The results show was broadcast from two locations—the regular American Idol stage and Walt Disney Concert Hall in downtown Los Angeles. It included appearances by celebrity actors and personalities. Ellen DeGeneres co-hosted the event from the Disney Hall stage.

Due to the charity theme of the show, no contestant was eliminated on the April 25 results show. That was a surprise both to viewers, to whom Seacrest promised the "most shocking elimination ever", and to the contestants. When Seacrest seemed about to eliminate Jordin Sparks, he announced that since it was a charity night, none of the contestants would be voted off, and the votes from that week would be added to the votes from the following week, and that two contestants would be eliminated. Both weeks' shows had a two-hour extension of the regular two-hour voting window, and in the end, the two-week combined voting totaled 135 million votes.
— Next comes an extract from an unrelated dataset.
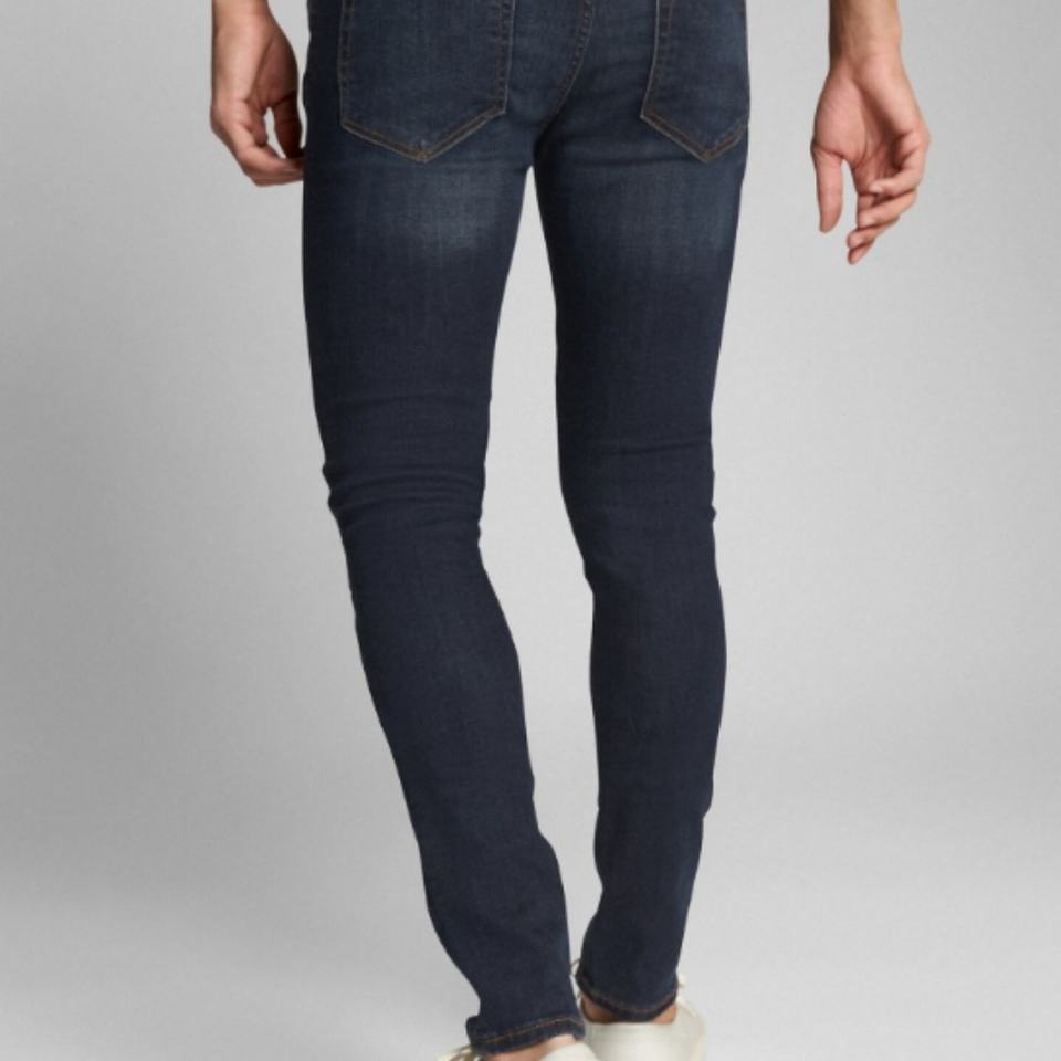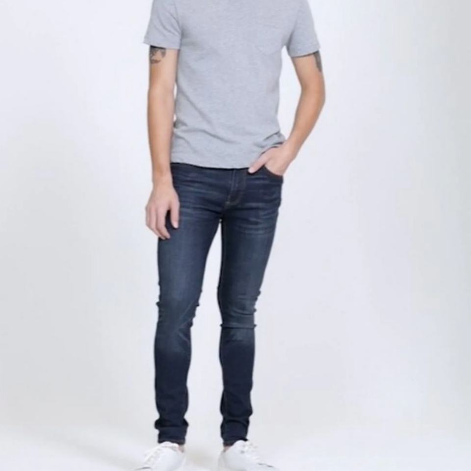 กางเกงยีนส์ทรงสกินนี่สีน้ำเงินเข้มสำหรับผู้ชาย สไตล์ลำลองสำหรับฤดูใบไม้ร่วง

=== Idol Chat (season 3) ===
TV Guide Channel aired its third season of Idol Chat.

=== Idol Tonight (season 2) ===
TV Guide Channel brought back a second season of Idol Tonight, the live pre-show to American Idol, which aired on Wednesdays starting in March. The show featured Justin Guarini as a correspondent along with Kimberly Caldwell and Rosanna Tavarez.
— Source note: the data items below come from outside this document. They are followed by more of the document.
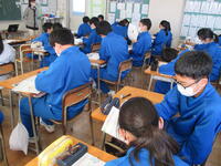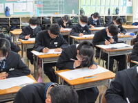 2023年11月24日 10時30分本日は、2学期・期末テストの1日目です。どの生徒も、問題に真剣に取り組んでいる姿が見られました。本日はこの後、先生方の採点業務のため給食後に下校となります。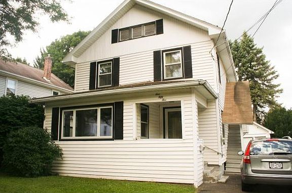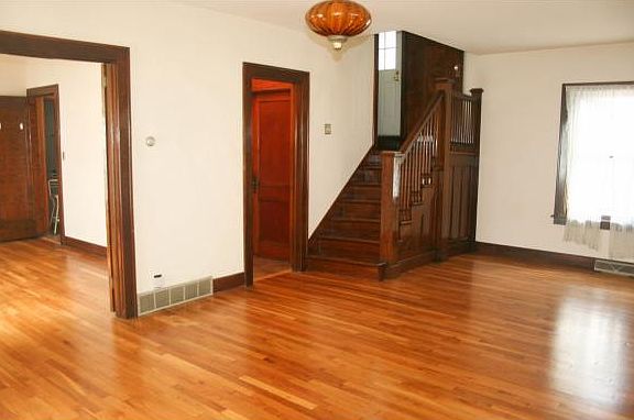 Nice clean, well kept west-side home, featuring 3 beds, 2 full baths, hardwood floors and natural wood trim. Newer stove and kitchen floor. Some lovely original wood cabinets, New bath surround in upstairs bath, 1st floor laundry, newer windows upstairs, covered porch, nice covered deck leads to fenced back yard, 1 car detached garage. Was a 2 family once, could easily be converted back into one!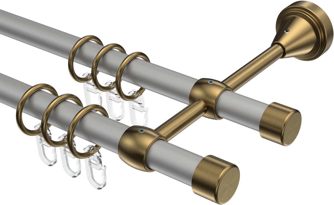 Gardinenstangen aus Metall in 16 mm Ø, 2-läufig, Modell PRIMUS - Lucan Silbergrau / Messing Antik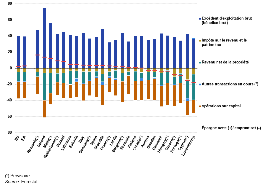 Le taux de marge est un indicateur de la rentabilité des entreprises.Ensuite l’EBE sert à distribuer des dividendes, à payer des impôts ou bien à investir. C’est donc en partie un indicateur de la financiarisation. Ce taux a été assez stable dans l’UE, oscillant autour de 40 % entre 2000 et 2020. En 2020, la part de profit la plus élevée des entreprises a été constatée en Irlande (77,6 %). Le taux le plus faible a été observé en France (31,8 %).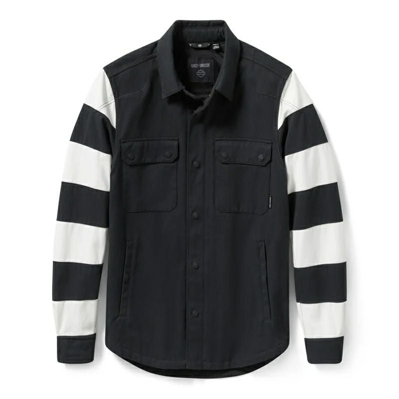 本メンズ用モーターサイクルシャツジャケットは、摩耗・引裂・縫い目強度要件を満たす試験・認証済み(詳細は下記参照)。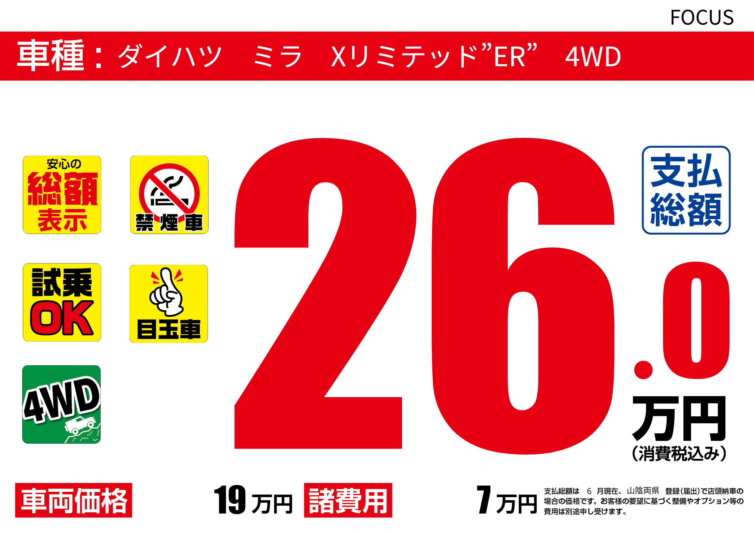 | 車名 | ダイハツ ミラ Xリミテッド”ER” 4WD | グレード ミッション 排気量 |

==International broadcasts==

=== U.K. edition ===
For back-to-back repeat of the performance and results shows in the U.K. on ITV2, Cat Deeley presented additional sections preceding and following each commercial break, and followed the end of the show with a short interview with that week's eliminated contestant.

==Music releases==

Unlike previous seasons, the top 12 compilation album did not come out while the show was airing. The top 12 recorded studio versions of each of the songs they sang on the show. The songs were available for purchase on AmericanIdol.com as digital downloads through the night of the finale.

Originally, a collage of the finalists' head shots from the top 24 photo shoot was used as album art on AmericanIdol.com, with the title American Idol 6: Greatest Moments; at present, the covers of Sparks' and Lewis' EPs are used instead. The American Idol: Season 6 – "Greatest Hits" & "The Collector's Edition" were eventually released on June 12, 2007. This was the only season where the season's collection was not distributed by Sony BMG/RCA Records.
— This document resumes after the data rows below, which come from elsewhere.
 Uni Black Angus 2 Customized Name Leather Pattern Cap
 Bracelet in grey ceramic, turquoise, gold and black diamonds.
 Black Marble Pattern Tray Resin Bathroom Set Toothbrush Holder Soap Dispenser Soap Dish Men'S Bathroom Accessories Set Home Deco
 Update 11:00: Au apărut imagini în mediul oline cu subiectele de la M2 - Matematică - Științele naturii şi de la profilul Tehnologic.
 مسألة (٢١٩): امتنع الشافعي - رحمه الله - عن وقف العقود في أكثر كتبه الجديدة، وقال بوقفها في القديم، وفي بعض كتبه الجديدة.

Sparks' first non-American Idol single was the top hit "Tattoo", which received platinum certification. Her second single was the Billboard Hot 100 number three hit "No Air" with Chris Brown. The song went to number one in several countries, and also topped Billboard's Pop Airplay chart. "No Air" had been certified platinum in April. It stands as the bestselling single by any American Idol contestant. Sparks released a third single off her album, "One Step at a Time", which peaked at number 17. "One Step at a Time" so far sold over a million copies and is certified platinum. Sparks released her second album Battlefield in July 2009. The album's title track became her fifth top 20 hit on the Billboard Hot 100, peaking at number 10. That made Jordin Sparks the only American Idol contestant to have their first five singles become Top 20 Hits. Blake Lewis' first single was "Break Anotha!", which failed to chart on the Billboard Hot 100. His second single, "How Many Words", also failed to chart on the Billboard Hot 100. Shortly afterward, Lewis confirmed that he had been dropped by Arista records. His album sales were just over 300,000. The drop also canceled his apparent plans for a third single release.

"This Is My Now," as performed by Jordin Sparks, was released as a radio single. It debuted on the Billboard Hot 100 chart at number 15.